Peripheral administration of compounded calcium chloride is associated with a low incidence of IV infusion site reactions


#IVTEAM #Intravenous literature: Anger, K.E., Belisle, C., Colwell, M.B., Dannemiller, R., Alawadhi, B., Wilkocki, A. and Szumita, P.M. (2013) Safety of Compounded Calcium Chloride Admixtures for Peripheral Intravenous Administration in the Setting of a Calcium Gluconate Shortage. Journal of Pharmacy Practice. December 10th. [epub ahead of print].

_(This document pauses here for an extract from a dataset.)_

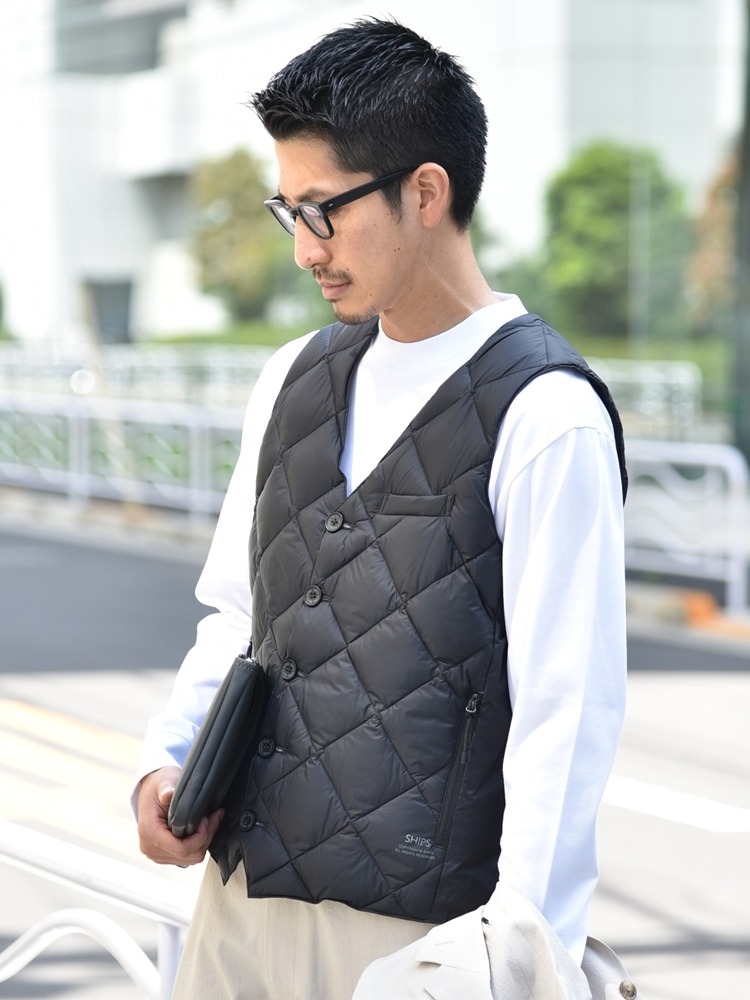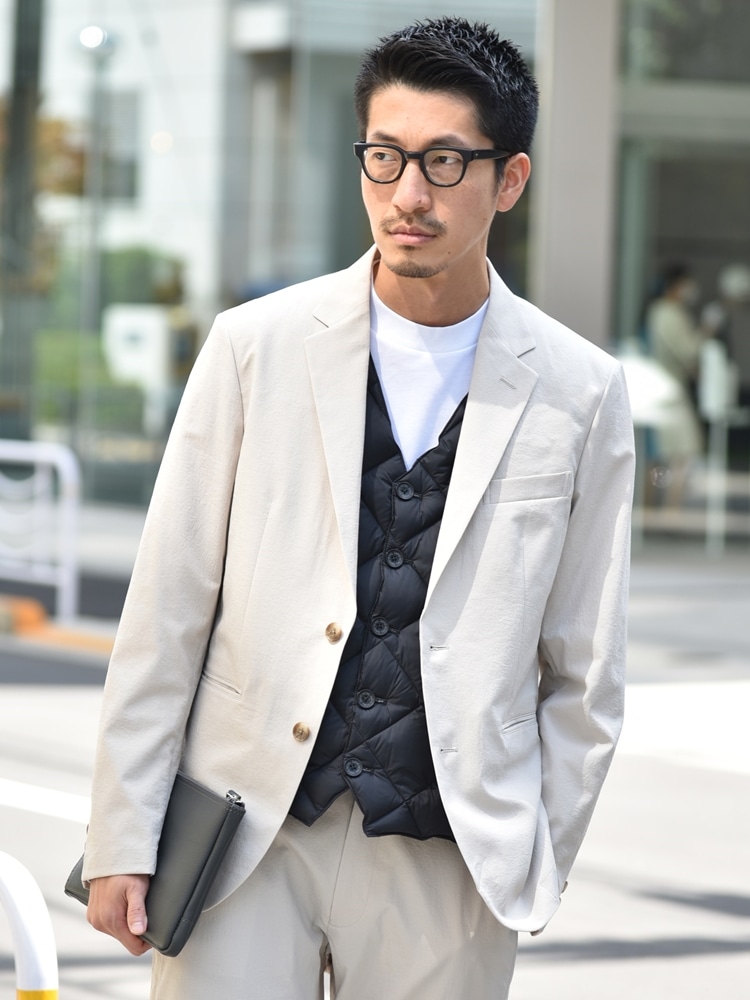 ビジネスカジュアルにもマッチする、ジレ型インナーダウンを使用したスタイル。

Calcium gluconate is preferred over calcium chloride for intravenous (IV) repletion of calcium deficiencies in the inpatient setting. In the setting of a national shortage of IV calcium gluconate, our institution implemented a compounded calcium chloride admixture for IV administration. The objective of this analysis is to evaluate the peripheral infusion site safety of compounded IV calcium chloride admixtures in adult inpatients. A total of 222 patients, encompassing 224 inpatient admissions, from April to June 2011 were retrospectively reviewed. Sterile preparations of calcium chloride in 5% dextrose (600 mg/250 mL and 300 mg/100 mL) were used during the study time period. Adverse infusion site reactions were assessed using an institutional infiltration and phlebitis grading system. A total of 333 doses were administered peripherally. In all, 4 (1.8%) patients experienced a moderate to severe infusion site reaction, with 3 due to phlebitis and 1 due to infiltration. Naranjo Nomogram for Adverse Drug Reaction Assessment classified all 4 reactions to have a possible link to calcium chloride administration. Peripheral administration of compounded calcium chloride admixtures in 5% dextrose is associated with a low incidence of IV infusion site reactions and can be considered as an alternative in the event of a calcium gluconate shortage.